*** Given records Section Begins ***

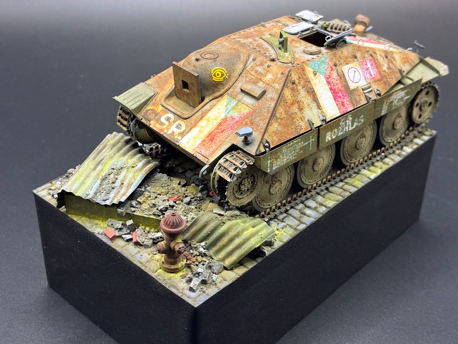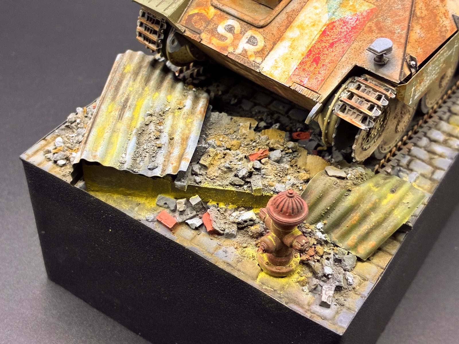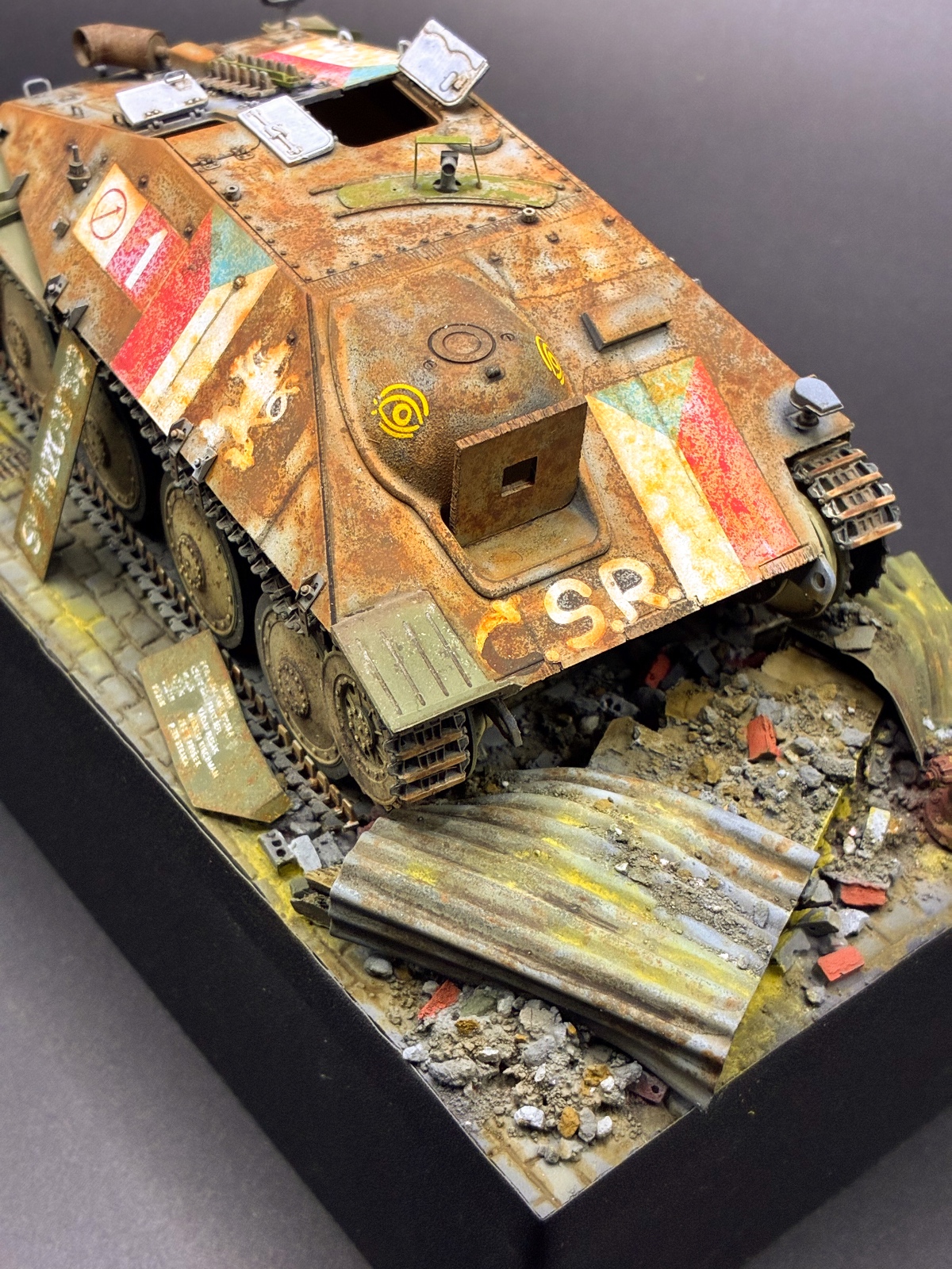 프라하 봉기때 사용한 차량이라 베이스는 잔해가 깔린 도심지 느낌을 내고자 노력했습니다.
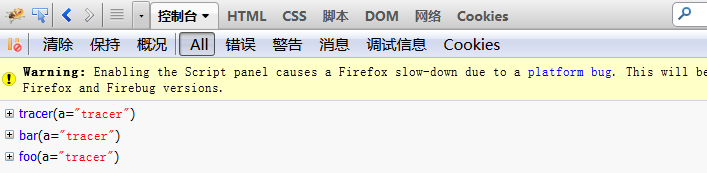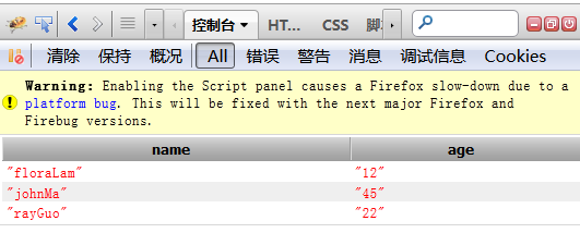 1 2 3 4 5 6 7 8 9 10 11 12 13 14 15 16 var people = { flora: { name: 'floraLam', age: '12' }, john: { name: 'johnMa', age: '45' }, ray:{ name:'rayGuo', age:'22' } }; console.table(people);火狐的控制台:
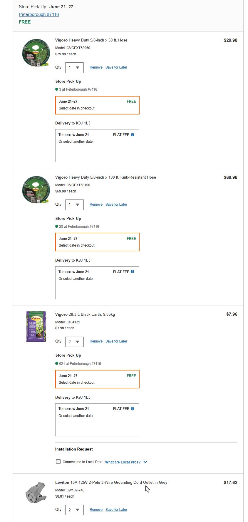 here’s a 50′ (for garage back corner) and a 100′ (for garage/driveway side) + 2 bags soil for tomato pots + 2 ac receptacles for bar:
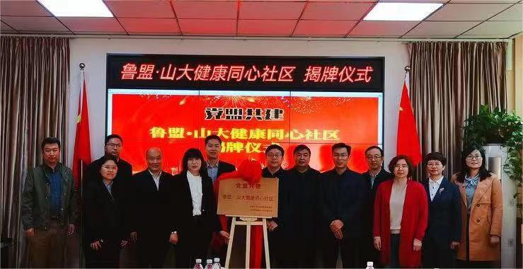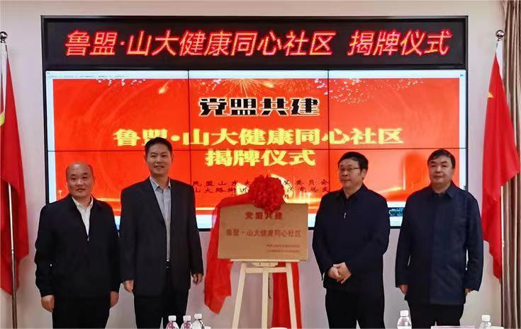 2022年10月27日,民盟山東大學(xué)委員會與中共山大社區(qū)黨總支舉行“黨盟共建 魯盟·山大健康同心社區(qū)”揭牌儀式活動。民盟省委會秘書長、參政議政部部長劉加釗、民盟省委會常委、山東大學(xué)委員會主委李輝、民盟省委會參政議政部副部長徐濟生,歷城區(qū)政協(xié)副主席張傳淼、山大路街道黨工委書記冀慎軍、山大路街道黨工委副書記張貫超、山大路街道社會事務(wù)辦公室副主任徐曉航等人出席儀式。
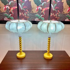 PAIRE DE GRANDES LAMPES DE TABLE EN BOIS ANNÉES 60 H. CM
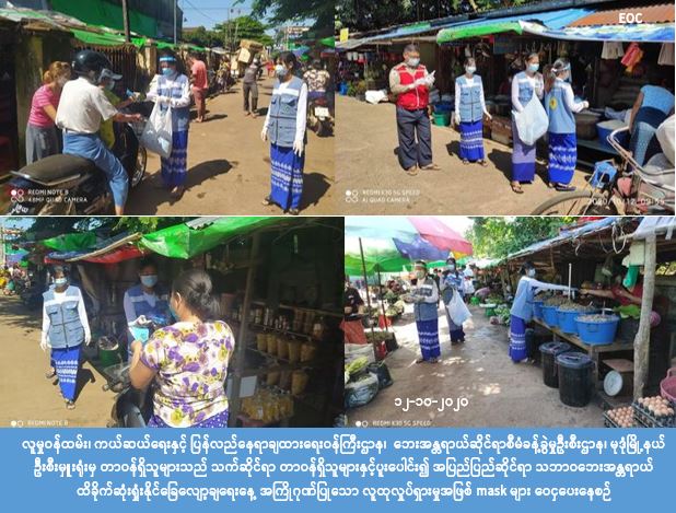 လူမှုဝန်ထမ်း၊ ကယ်ဆယ်ရေးနှင့် ပြန်လည်နေရာချထားရေးဝန်ကြီးဌာန၊ ဘေးအန္တရာယ်ဆိုင်ရာ စီမံခန့်ခွဲမှုဦးစီးဌာန၊ မုဒုံမြို့နယ်ဦးစီးမှူးရုံးမှ တာဝန်ရှိသူများသည် (၁၂-၁၀-၂၀၂၀) ရက် နေ့၊ (၀၉:၀၀) နာရီအချိန်တွင် မုဒုံမြို့နယ်အတွင်းရှိ မြို့မ(၄)ရပ်ကွက်၊ရွှေဟင်္သာစျေး၌ အပြည်ပြည်ဆိုင်ရာ သဘာဝဘေးအန္တရာယ်ထိခိုက်ဆုံးရှုံးနိုင်ခြေလျော့ချရေးနေ့ အကြိုဂုဏ်ပြုသောအားဖြင့် လူထုလှုပ်ရှားမှု ဆောင်ရွက်ရာတွင် မြို့နယ်အထွေထွေအုပ်ချုပ်ရေးဦးစီးဌာန၊ မြို့နယ် စည်ပင်သာယာရေးအဖွဲ့၊ မြို့နယ်ကြက်ခြေနီအသင်းတို့နှင့် ပူးပေါင်း၍ IDDR Day အထိမ်းအမှတ် mask များအား ဝေငှခဲ့ကြောင်း သတင်းရရှိပါသည်။ #ar #mon_oct2020 Source: မုဒုံမြို့နယ်ဦးစီးမှူးရုံး (ဘစမ)
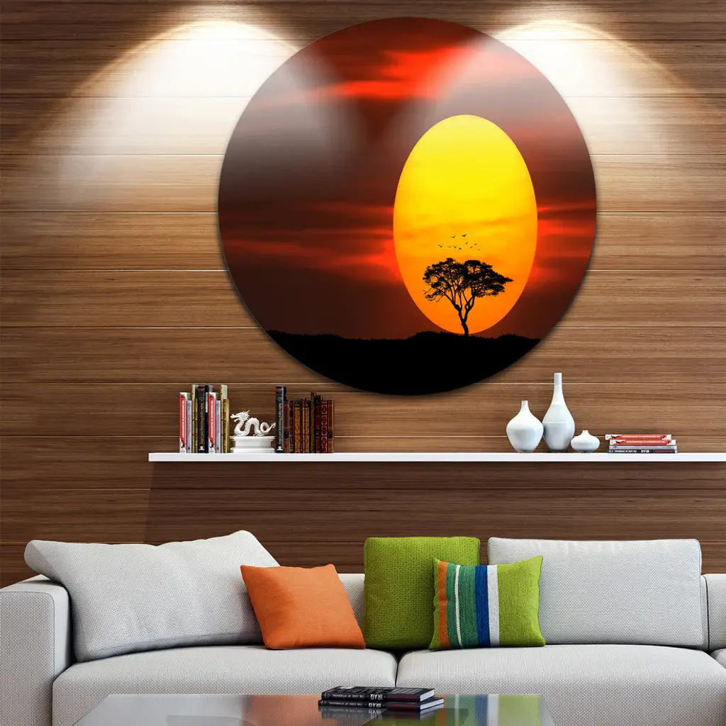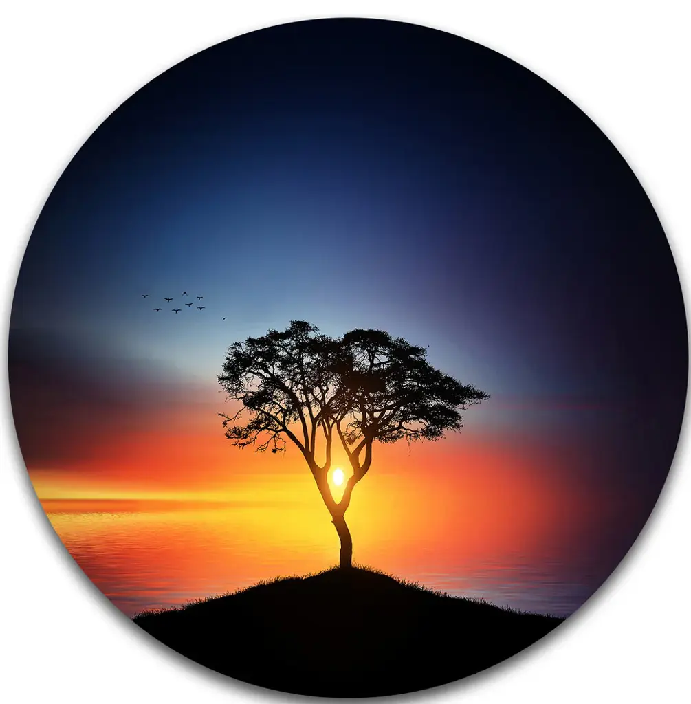 Bring Contemporary Abstraction to your home with this large Circle Metal wall art. This Lonely Tree with Birds at Sunset Metal Artwork makes it the focal point of any room or office. - White Gloss Coating ensures colors are extra vibrant with light reflection.- Aluminum grade Sheet Metal with 1 inch mounting frame on the back giving the illusion that the artwork is floating on the wall..- Mounting Brackets are included along with instructions.- High Quality Digital images are created directly into a glossy aluminum panel producing a stunning and captivating print into the glossy finish of the metal.- Water, Fire and Scratch resistant HD Aluminum panels.- Looks better than any photo paper and guaranteed to last at least 20 years- Easy to clean with a microfiber cloth. Colors are far superior to regular Canvas Art. - Easy to Hang
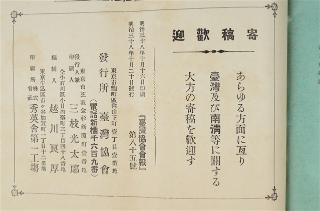 「臺灣協會」成立於1898年4月,其所成立之目的為組織一個有規模的「殖民研究」團體,並隨即於1898年10月發行機關刊物 《台灣協會會報》。本期內容有,論說/戰時歐米漫遊雜感 鹿子木小五郎/產業/宜蘭廳經濟事情 臺灣支部/鳳山廳下產業狀况 仝上/雜錄/舊政府時代の理蕃 伊能嘉矩/雜報/臺灣蕃界橫斷の成功/臺灣隘勇線の前進/臺灣經濟界の前途/臺灣歲入の增加/臺灣の增加/臺灣の烟草專賣事業/臺灣製糖會社の作業成績/臺北廳模範田の成績/律令と臺灣/臺灣の戶口調查/臺灣蕃地取締規則制定/臺灣蕃害と季節との關係/

*** Given records Section Ends ***

Working from the data above, repeat exactly, and only, the lines that begin at the line containing "2022年10月27日,民盟" and stop after the line containing "PAIRE DE GRANDES"; pictures are not copied.

 2022年10月27日,民盟山東大學(xué)委員會與中共山大社區(qū)黨總支舉行“黨盟共建 魯盟·山大健康同心社區(qū)”揭牌儀式活動。民盟省委會秘書長、參政議政部部長劉加釗、民盟省委會常委、山東大學(xué)委員會主委李輝、民盟省委會參政議政部副部長徐濟生,歷城區(qū)政協(xié)副主席張傳淼、山大路街道黨工委書記冀慎軍、山大路街道黨工委副書記張貫超、山大路街道社會事務(wù)辦公室副主任徐曉航等人出席儀式。
 PAIRE DE GRANDES LAMPES DE TABLE EN BOIS ANNÉES 60 H. CM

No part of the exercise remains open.